The Monetary Policy Committee (MPC) of the Reserve Bank of India (RBI) did well to increase the policy repo rate by 50 basis points to 5.4 per cent last week. The standing deposit facility and marginal standing facility rates were adjusted accordingly to 5.15 and 5.65 per cent, respectively. A section of the market was expecting the committee to go slow, which was reflected in higher bond prices in the run-up to the policy meeting. However, the MPC had strong reasons to do what it did. Although the retail inflation rate has moderated in recent months, it still remains elevated and above the tolerance band of the RBI. The retail inflation rate was 7 per cent in June — the sixth consecutive month when it remained above the RBI’s upper end of the tolerance band. Since the MPC expects inflation to remain above the tolerance band till the third quarter of this fiscal year, going slow in terms of increasing the policy rate would have affected expectations. Further, the real policy rate is still deeply negative and it’s sensible to make the correction as soon as possible.

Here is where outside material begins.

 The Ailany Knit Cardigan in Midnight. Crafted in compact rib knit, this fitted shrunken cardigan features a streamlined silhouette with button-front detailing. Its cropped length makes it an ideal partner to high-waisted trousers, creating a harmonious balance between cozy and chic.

While the policy action last week pushed the repo rate above the pre-pandemic level of 5.15 per cent, rate decisions from here on will become somewhat trickier for the MPC. Although the committee has not changed its inflation forecast for the fiscal year, it expects the rate to moderate to 5.8 per cent in the fourth quarter, and further to 5 per cent in the first quarter of 2023-24. The inflation outlook, to be fair, remains uncertain and outcomes would depend on a variety of factors. Although global commodity prices have come down in recent weeks, the ongoing Ukraine war continues to pose risks to energy prices. A sudden decline in gas supply to Europe, for instance, could again push up global energy prices. Sustained higher global inflation would also remain a risk, while higher than expected policy tightening in advanced economies could lead to an extended period of currency market volatility with implications for inflation outcomes in India.

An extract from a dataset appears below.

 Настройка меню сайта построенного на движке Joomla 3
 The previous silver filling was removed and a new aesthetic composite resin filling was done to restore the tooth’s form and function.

Besides international and domestic risks, such as the progress of the monsoon, policy decisions over the coming months would also depend on the expected natural rate of interest, or the appropriate real policy rate. A recent research article by economists at the RBI noted that the natural rate might have moderated after the pandemic, and estimated it to be at 0.8 to 1 per cent in the third quarter of 2021-22. Since the rate is difficult to determine, particularly in times of heightened uncertainty, assuming the RBI estimates hold, the policy rate would need to go up to a level above 6 per cent by the first quarter of the next fiscal year. The MPC, thus, would need to determine how quickly it intends to reach that level. The decision would clearly depend on how inflation conditions evolve till the next meeting of the committee. An upside surprise, which remains a possibility, would require another 50 basis point hike in September. Moderation in inflationary pressure, on the other hand, would allow the MPC to go for a lower rate hike with clear guidance as to what it intends to attain over the coming quarters.